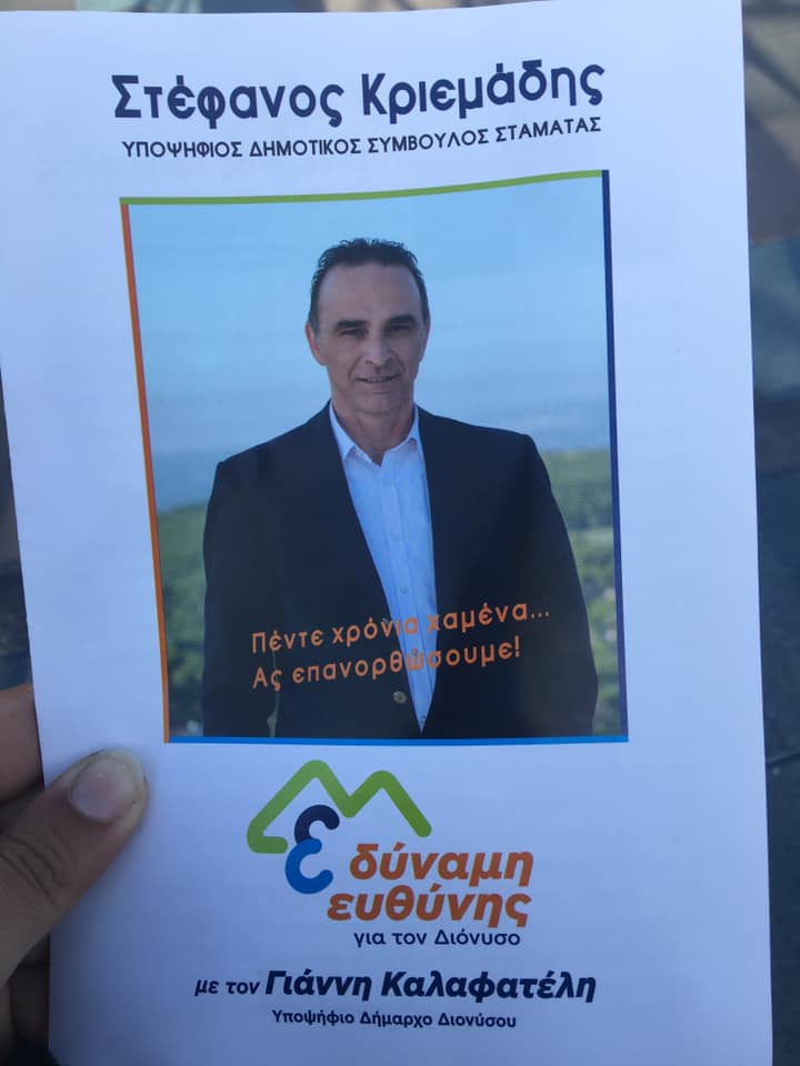 Μέσα από την καρδία μου, ένα μεγάλο ευχαριστώ στους 810 συμπολίτες μας που με τίμησαν με την ψήφο τους και με ανέδειξαν πρώτο σε σταυρούς δημοτικό σύμβουλο του Δήμου Διονύσου. Θα υπηρετήσω τον Δήμο με όλες μου τις δυνάμεις, τιμώντας την εμπιστοσύνη που μου δείξατε.
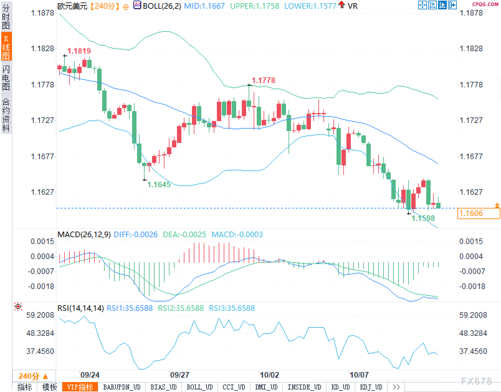 汇通财经APP讯――周四(10月9日),北美时段欧元兑美元围绕1.1600关口反复拉锯。自高点1.1819回落以来,汇价震荡走弱;当前1.16整数位的得失正成为方向选择的临界点。
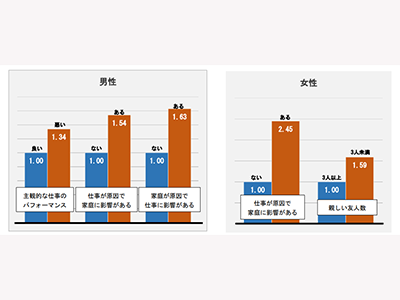 仕事のパフォーマンス低と自己評価の男性/親しい友人が少ない女性、問題飲酒多い傾向
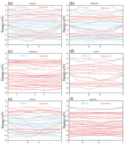 As for M’MCO2 with AFM configurations, near the Fermi level, the valence band and the conduction band of Mn2CO2 are clearly separated, and no band curve crosses the Fermi level. Moreover, the top valence band is near the point M (0.622), and the bottom conduction band is near the point K (1.358), illustrating that Mn2CO2 is an indirect band gap semiconductor, a finding that is in keeping with the results of Zhou [55]. Meanwhile, both CrMnCO2 and V2CO2 have band curves crossing the Fermi level, and their top valence band and bottom conduction band are located at the point Γ, with a small band gap width, showing metallic character. With regard to M’MCO2, with FM configurations, it can be seen from Figure 5a,b,e that the red curves (spin-down) are distributed on both sides of the Fermi level, with large band gap widths, while the blue curves (spin-up) are densely distributed, crossing the Fermi level. The electronic states with spin-up make the band gap narrow—these are metallic materials. On the whole, we concluded that, when M is replaced with M’—causing non-Janus MXene to become Janus MXene—the band gap width was greatly reduced and the conductivity became better; therefore, Janus MXenes can regulate the band gap.

________________

▶ **What the task asks**:
Word-for-word restatement: every line from the one with "仕事のパフォーマンス低と自己" through the final line of the data, both ends included, pictures excluded.

▶ **Response area**:
 仕事のパフォーマンス低と自己評価の男性/親しい友人が少ない女性、問題飲酒多い傾向
 As for M’MCO2 with AFM configurations, near the Fermi level, the valence band and the conduction band of Mn2CO2 are clearly separated, and no band curve crosses the Fermi level. Moreover, the top valence band is near the point M (0.622), and the bottom conduction band is near the point K (1.358), illustrating that Mn2CO2 is an indirect band gap semiconductor, a finding that is in keeping with the results of Zhou [55]. Meanwhile, both CrMnCO2 and V2CO2 have band curves crossing the Fermi level, and their top valence band and bottom conduction band are located at the point Γ, with a small band gap width, showing metallic character. With regard to M’MCO2, with FM configurations, it can be seen from Figure 5a,b,e that the red curves (spin-down) are distributed on both sides of the Fermi level, with large band gap widths, while the blue curves (spin-up) are densely distributed, crossing the Fermi level. The electronic states with spin-up make the band gap narrow—these are metallic materials. On the whole, we concluded that, when M is replaced with M’—causing non-Janus MXene to become Janus MXene—the band gap width was greatly reduced and the conductivity became better; therefore, Janus MXenes can regulate the band gap.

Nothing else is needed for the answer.